Un dialogue technique nécessaire
L’immeuble Arambo s’apprête à vivre au rythme des institutions de Bretton Woods. Arrivés tout droit de Washington, les économistes du FMI entament une mission dite de « Staff Visit ». Contrairement aux consultations rituelles de l’Article IV ou aux missions d’audit liées à un programme de financement, ce déplacement s’inscrit dans un cadre strictement informel et technique. L’objectif est d’établir un diagnostic précis de la santé financière du pays en passant au crible les politiques budgétaires et monétaires, tout en évaluant les réformes structurelles engagées.
Cette visite ne doit rien au hasard. En janvier dernier, Thierry Minko, successeur d’Henri-Claude Oyima à la tête du ministère de l’Économie, avait affiché ses ambitions en annonçant que le gouvernement solliciterait l’appui du FMI pour soutenir son nouveau programme de croissance économique. Si cette mission ne débouchera sur aucun accord formel ni sur une décision du Conseil d’administration à court terme, elle constitue le sas de sécurité indispensable avant des négociations plus musclées. Pour les deux parties, il s’agit de maintenir un dialogue de haut niveau, de clarifier les indicateurs macroéconomiques et de préparer le terrain pour une future mission officielle qui pourrait sceller un accord de financement.
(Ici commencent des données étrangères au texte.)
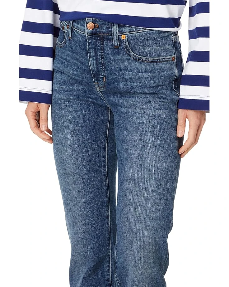 - Elevate your classic wardrobe styling in the Madewell® Full-Length Kick Out in Devito Wash jeans. Featuring a button front with a zip-fly closure, belt loop waist, classic five-pocket design, contrast topstitching and metal hardware.

Toutefois, si l’exécutif met en avant la recherche d’un soutien à la croissance, ce discours peine à convaincre l’ensemble de la sphère économique. Pour de nombreux observateurs avertis, la communication gouvernementale masquerait une réalité beaucoup plus contraignante. Derrière l’éventualité d’un accord avec l’institution de Washington se dessinerait plutôt le contour d’un plan d’ajustement.
Une telle perspective impliquerait, à terme, la mise en œuvre d’une politique d’austérité marquée par une compression drastique des dépenses publiques. Ce tour de vis budgétaire viserait prioritairement la réduction des subventions étatiques afin de dégager les marges nécessaires au service de la dette. L’enjeu, loin d’une simple relance, serait avant tout de ramener de force les agrégats macroéconomiques vers les standards internationaux, au risque de peser lourdement sur le pouvoir d’achat et la demande intérieure. Les seules bonnes nouvelles : l’amélioration de la gouvernance et l’augmentation des recettes de l’État.
Vers un futur programme de coopération ?
Pour l’heure, le Gabon n’est lié à aucun programme actif avec le Fonds. Cependant, cette immersion technique des experts de Washington suggère que les discussions pour un futur partenariat s’accélèrent. En coulisses, la mission permettra de lever les zones d’ombre techniques qui pourraient freiner une future revue de programme. Dans un contexte où la crédibilité de la signature du Gabon sur les marchés internationaux est scrutée, ce tête-à-tête avec les émissaires de Washington est un signal fort envoyé aux investisseurs.
Des indicateurs sous haute tension
L’urgence de cette visite se lit également dans les chiffres récents de la santé financière du pays. À fin octobre 2025, les arriérés de la dette ont atteint 443,6 milliards FCFA, marquant une hausse préoccupante de plus de 174 milliards FCFA par rapport à décembre 2024.
Libreville a multiplié ces derniers mois les incursions sur le marché financier de la CEMAC, accentuant la dépendance du Trésor gabonais à ce canal de financement. Sur l’encours de la dette intérieure, qui s’élevait à 4 391,9 milliards FCFA à fin octobre 2025, plus de 3 200 milliards proviennent de créanciers régionaux. Le Gabon a d’ailleurs franchi en 2024 la « ligne rouge » communautaire avec une dette publique estimée à 72,5 % du PIB, dépassant le critère de convergence fixé à 70 %. Selon les projections de la Banque mondiale, cette trajectoire pourrait porter le taux d’endettement à 86,1 % du PIB d’ici 2027.